ARG sorry, my mistake

1
18 months ago by
EMBL Heidelberg, Germany
Jean-Karim Heriche23k wrote:

This is not really a bioinformatics question but a programming one so might be better addressed on StackOverflow.

I am probably missing something but you may not need to split your matrix into blocks, you could use something like this in R:

``````library(foreach)
library(doSNOW)

cluster <- makeCluster(number_of_nodes, type = "SOCK")
registerDoSNOW(cluster)
# This is a typical way to parallelize computation of a distance/similarity matrix
result_matrix <- foreach(j = c(1:n), .combine='cbind') %:%
foreach(i = c(1:n), .combine = 'c') %dopar% {
cor_rho(data[i], data[j])
}
stopCluster(cluster)
``````

The bash script submitted to SLURM would look like this:

``````#!/bin/bash

#SBATCH --mail-type=FAIL,END
#SBATCH -N number_of_cpus
#SBATCH -n number_of_nodes
#SBATCH --mem=memory_required

Rscript my_script
``````

Not to repeat calculations, maybe forloops should be:

``````foreach(j = 1:(n -1), .combine='cbind') %:%
foreach(i = (j + 1):n), .combine = 'c') %dopar% {...
``````

Thanks for you answer. I'll try your solution. When you put `1:n`, does n means ncol(data) ?

However, if I execute my R script in a SLURM code, does SLURM will "know" how to distribute each combination on different nodes? (if I precise :

``````#SBATCH --mail-type=FAIL,END
#SBATCH -N 32
#SBATCH -n 91
#SBATCH --mem=250G )
``````

Is the default value for `-c` (`--cpus-per-task`) set to 1 cpu (`-n`) on your cluster? If that is true then you are asking for `-n 91` cores/tasks from a node with 32 cores.

I generally use `-n` with `-N` to specify number of task/cores per node. If you only have 32 cores per node then you may need to specify `-n 32` along with `-N 91` (nodes), if you want them all to run at the same time? Not sure if you can divide your R-jobs to submit SLURM sub-jobs. Using job arrays may be an option then.

Yes, it sets up to 1 cpu by default.

Actually, I would like to distribute each combination to one node, like this :

``````submatrix 1 vs submatrix 2 -> node 1
submatrix 2 vs submatrix 3 -> node 2
...
submatrix 13 vs submatrix 14 -> node 91
``````

I don't know if it possible?

It should be possible as long as you submit individual jobs. See changes I made to my comment above.

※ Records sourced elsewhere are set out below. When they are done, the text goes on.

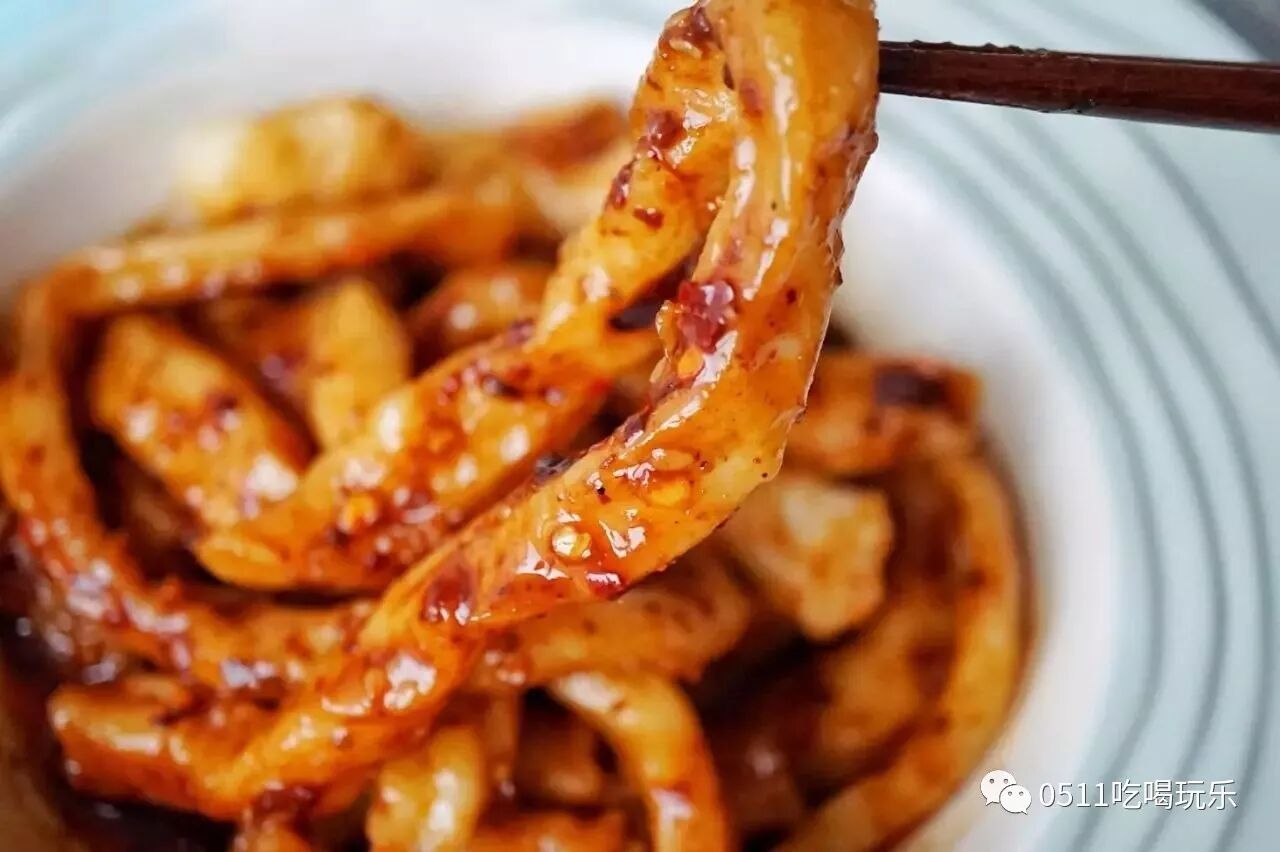 比筷子还粗的面条,吃起来很有嚼头,酱汁鲜甜麻辣,还带微微的酸,特别爽口开胃!
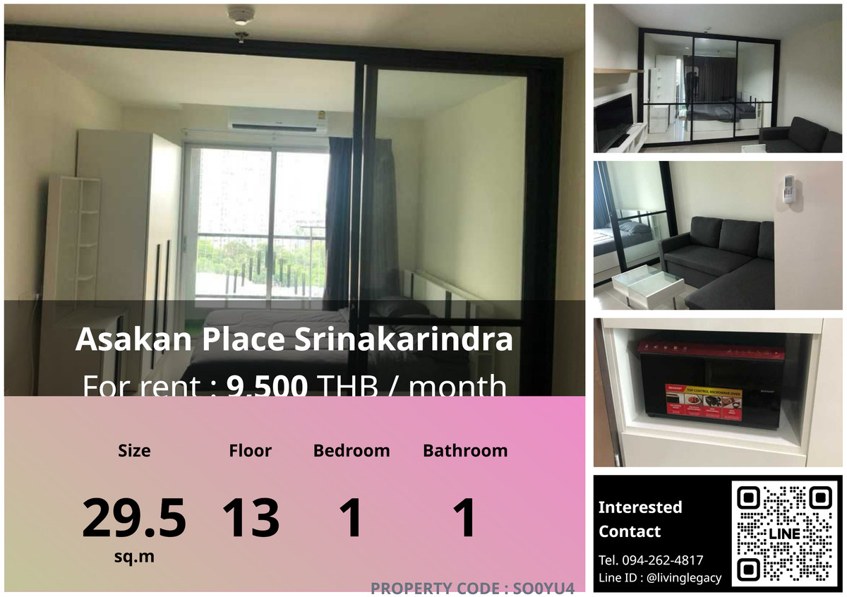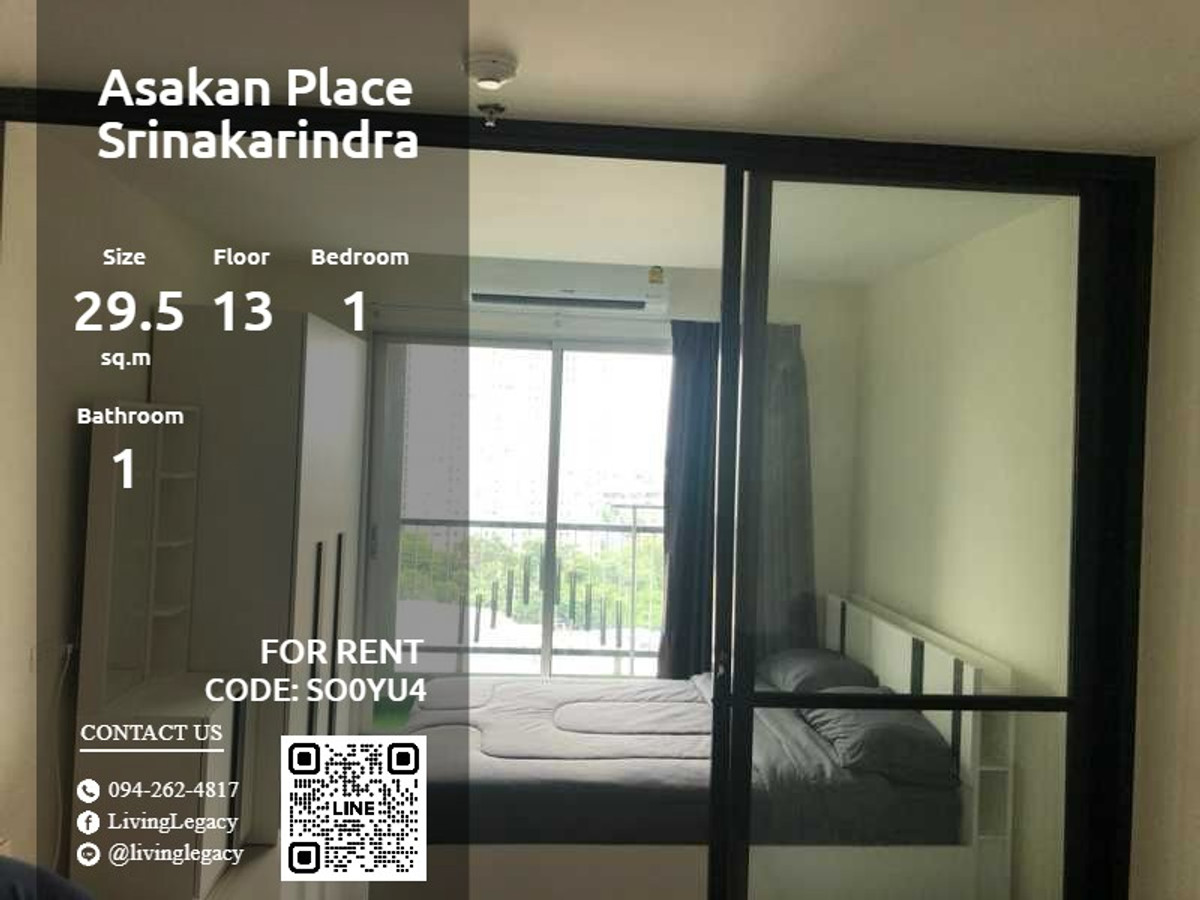 SO0YU4 ให้เช่าคอนโด Asakan Place Srinakarindra 29.5 ตร.ม. ชั้น 13 line id : @livinglegacy
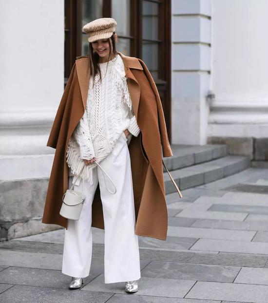 天气再冷一些可以选择利落剪裁的长大衣,报童帽的中性感会稀释掉一部分过于女性化的感觉,又A又美也就是这种感觉了。
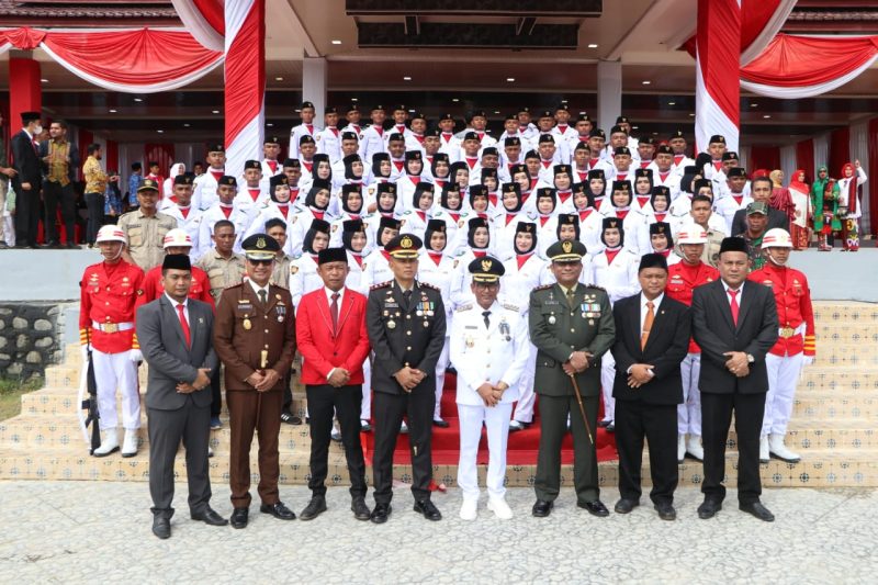 Aceh Timur – Komandan Kodim 0104/Aceh Timur Letkol Inf Tri Purwanto,S.I.P., yang didampingi Ketua Persit Kartika Chandra Kirana Cabang XXI Dim 0104 Koorcab Rem 011 PD Iskandar Muda Ny. Yuni Tri Purwanto, S.E., M.M., ikuti prosesi upacara Hari Ulang Tahun (HUT) Proklamasi Kemerdekaan Republik Indonesia ke-78 tahun 2023, di Lapangan Upacara Pusat Pemerintahan Kabupaten Aceh Timur.
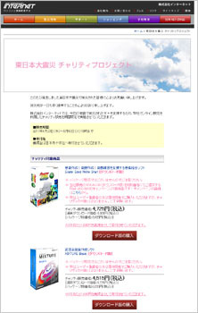 インターネットは、3月に発生した東日本大震災で被災された方々を支援するためのチャリティプロジェクト第3弾として、オンライン販売を利用したソフトウェアのチャリティ販売を期間限定で実施している。
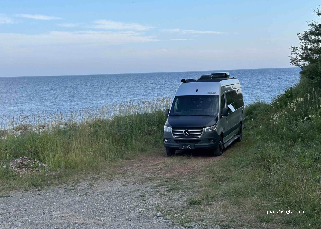 Belle endroit, le stationnement est petit et un peu en pente. Nous avons quand même réussi a nous stationner a un niveau tolérable puisque nous étions seul dans le stationnement. Il y a une toilette chimique en haut de la côte. La police est venu faire une ronde de sécurité en fin de soirée. Nous avons profité de leur présence pour confirmer que nous pouvions passer la nuit.

Actually, I don't mind to run them at the same time. It could be necessary to wait that some jobs end before some others begin?

It could be necessary to wait that some jobs end before some others begin?

If that is the case, then you would need to look into `--dependency=type:jobid` option for `sbatch` to make sure those tasks don't start until the job (`jobid` above) they are dependent on finishes successfully.

Thanks. But is it normal when I execute for example (if I have only 10 combinations -> 10 nodes) `sbatch --partition normal --mem-per-cpu=4G --cpus-per-task=16 --nodes=10 my_R_script.sh` , it only creates one job and not 10 as I expected?

Yes it is normal because as far as SLURM is concerned only job it has been asked to run is `my_R_script.sh`. Unless this script creates sub-jobs from within that script with multiple `sbatch --blah do_this` commands SLURM can't run them as separate jobs.

Note: Some clusters may be configured not to allow an existing job to spawn sub-jobs. In that case your only option would be one below.

Other way would be to start the 10 computations independently (if that is possible) by doing:

``````sbatch --blah my_R_script1.sh
sbatch --blah my_R_script2.sh
..
sbatch --blah my_R_script10.sh
``````

Actually, I just use `my_R_script.sh` to execute my R script, that I put in the top the topic . So, it doesn't create any sub-jobs..

If I would like to create the 91 sub-jobs I need, do I let my R script as it is and I create a slurm script to create these sub-jobs?